2 (a) is a circuit diagram of the continuous crushing system of FIG. 1, and FIG. 2 (b) is a circuit diagram of a characteristic portion of the continuous crushing system of FIG.

FIG. 3 is a configuration diagram of a continuous crushing system showing another embodiment of the present invention.

FIG. 4 is an internal structural view of the branching device of the present invention.

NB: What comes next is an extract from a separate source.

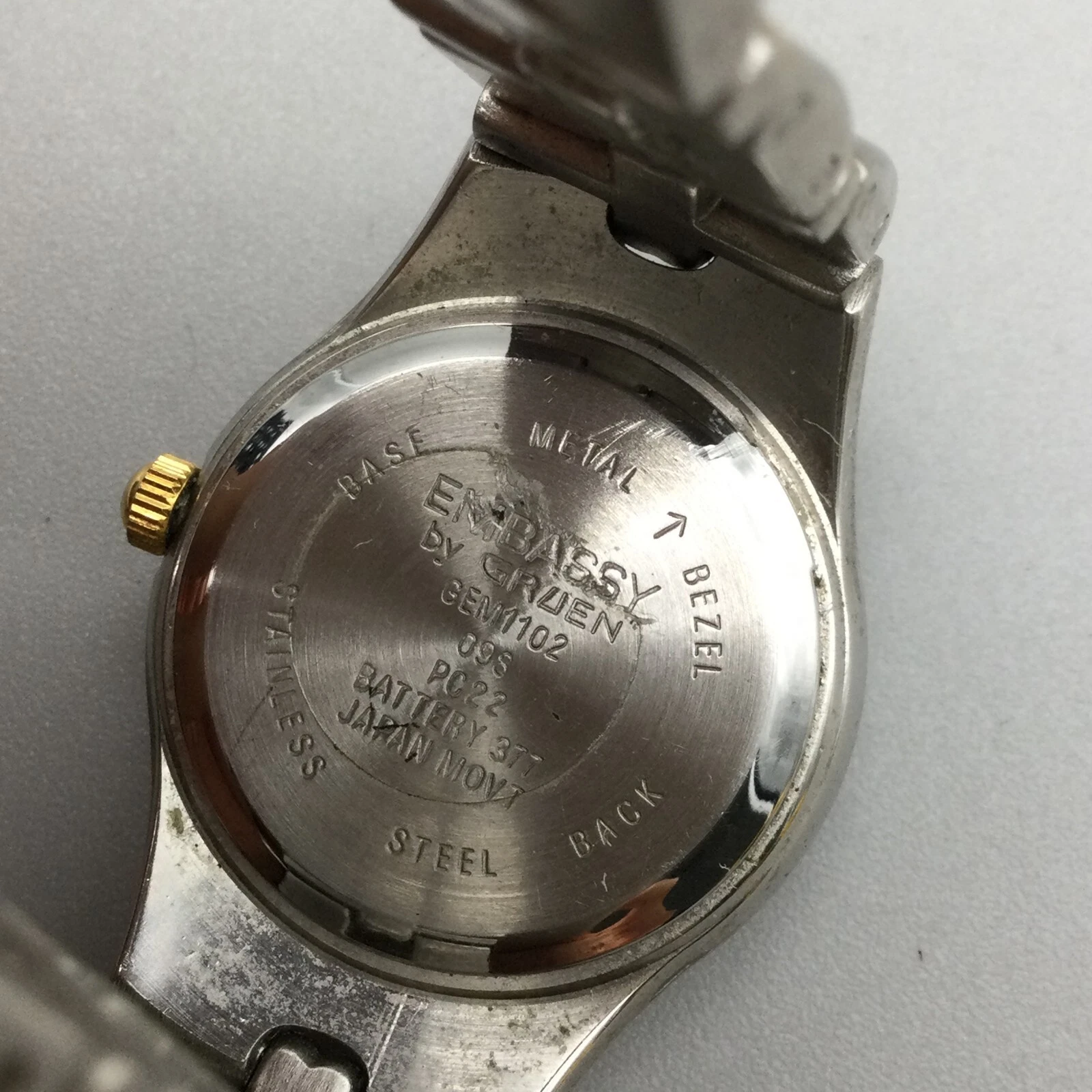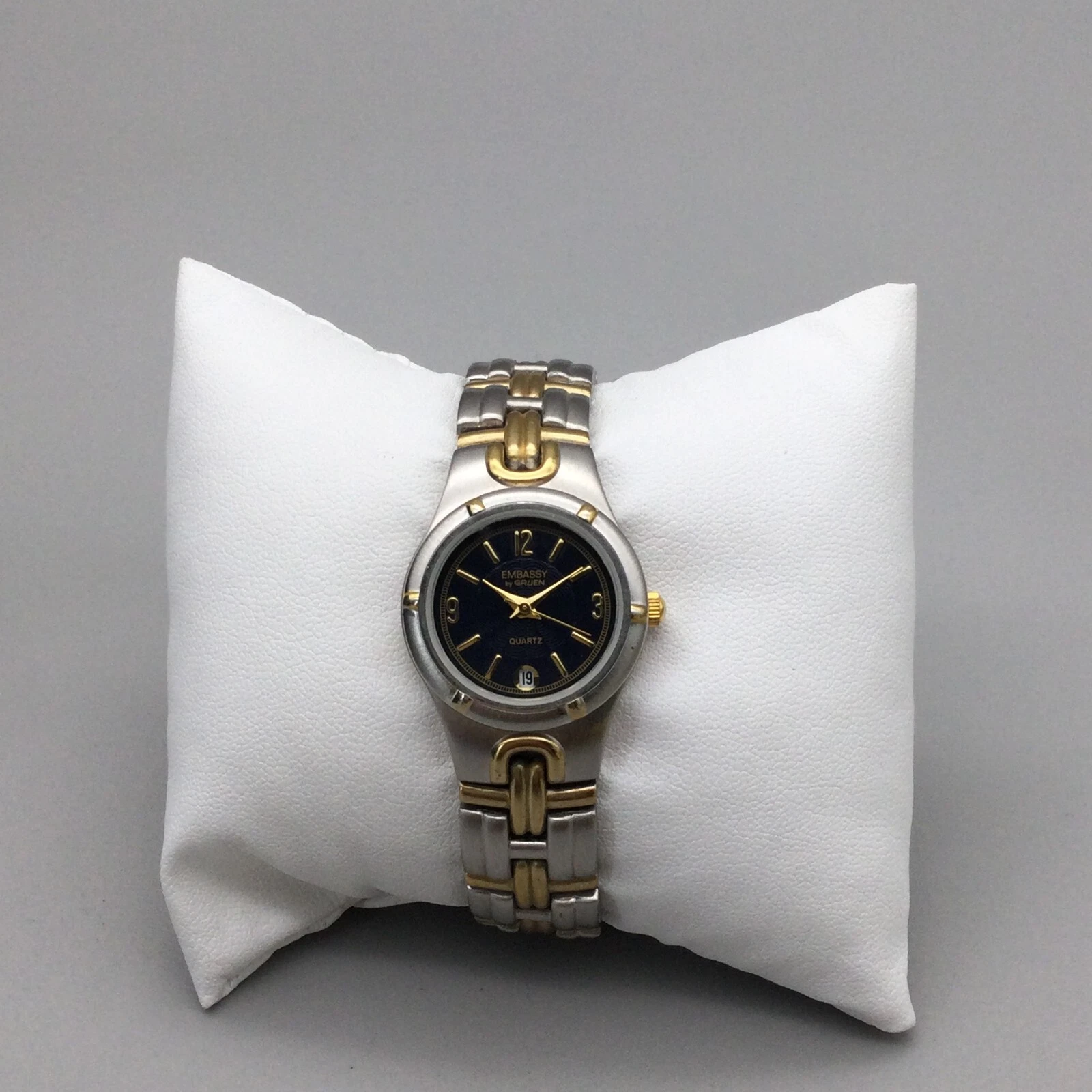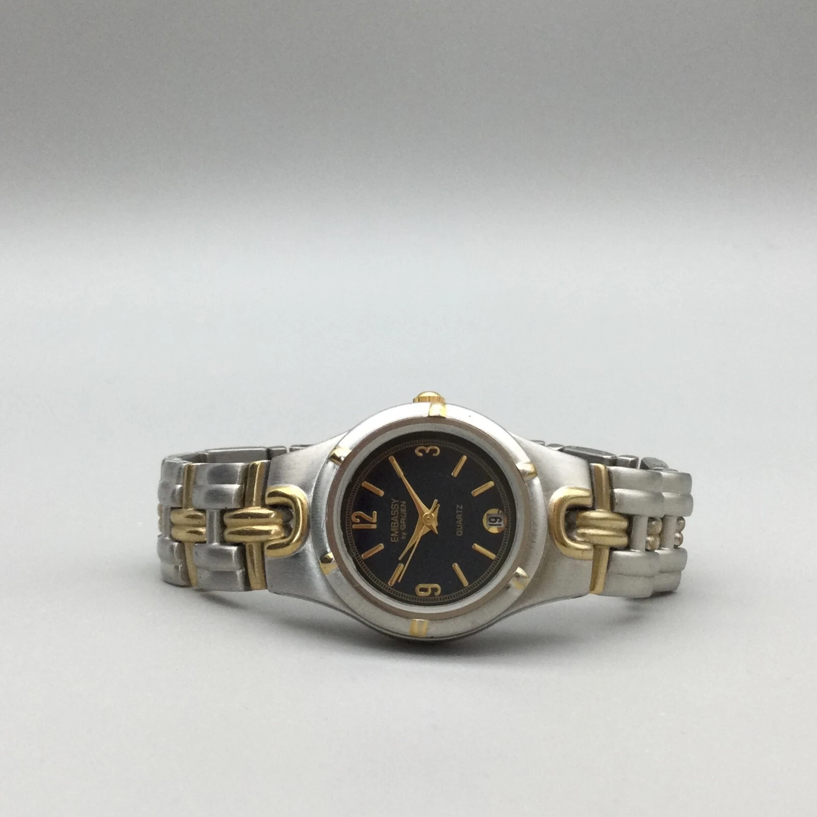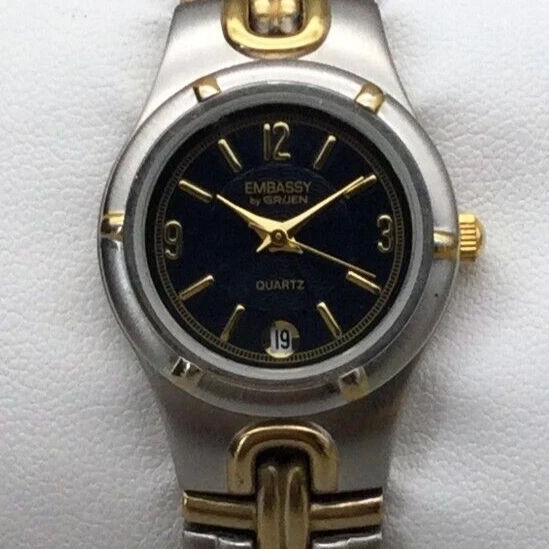 Embassy Gruen Watch Women 25mm Silver Gold Tone Black Dial New Battery 6.25"

FIG. 5 is an internal structural view of the switch of the present invention.

[Explanation of symbols]

 DESCRIPTION OF SYMBOLS 11 Object to be crushed 12 Installation hole (Borehole) 13 Reactant 14 Fine metal wire 15 Individual cable 16 Branching device 17 Stepwise cable 18 Switching device

 ──────────────────────────────────────────────────続 き Continuing on the front page (72) Inventor Takashi Majima 3-1-1-15 Toyosu, Koto-ku, Tokyo Ishikawajima-Harima Heavy Industries Co., Ltd.Higashiji Technical Center (72) Inventor Tsunemi Yamada Otemachi, Chiyoda-ku, Tokyo 2-2-1, Ishi Kawashima-Harima Heavy Industries, Ltd. 2-2-2 Matsuzaki-cho, Abeno-ku Okumura Gumi Co., Ltd. (72) Inventor Yoshio Araya 2-2-2 Matsuzaki-cho, Abeno-ku, Osaka-shi, Osaka

Claims (4)

[Claims] 1. A crushing system using electric energy for supplying high-power pulse energy to a thin metal wire installed on an object to be crushed to perform crushing, wherein a high-power pulse energy source is connected to a thin metal wire installed at a plurality of locations. A continuous crushing system using electric energy, further comprising a switch for switching a thin metal wire supplied with high-power pulse energy. 2. A continuous crushing system using electric energy according to claim 1, wherein a branching device for distributing high-power pulse energy is provided between said switching device and said thin metal wires installed at a plurality of locations. 3. The continuous crushing system using electric energy according to claim 1, wherein thin metal wires installed at a plurality of locations are connected in series. 4. The switching device includes a common electrode connected to a cable on a supply source side, individual electrodes connected to cables on each thin metal wire side, and moving these individual electrodes to contact the common electrode. The continuous crushing system using electric energy according to any one of claims 1 to 3, wherein the continuous crushing system comprises an actuator.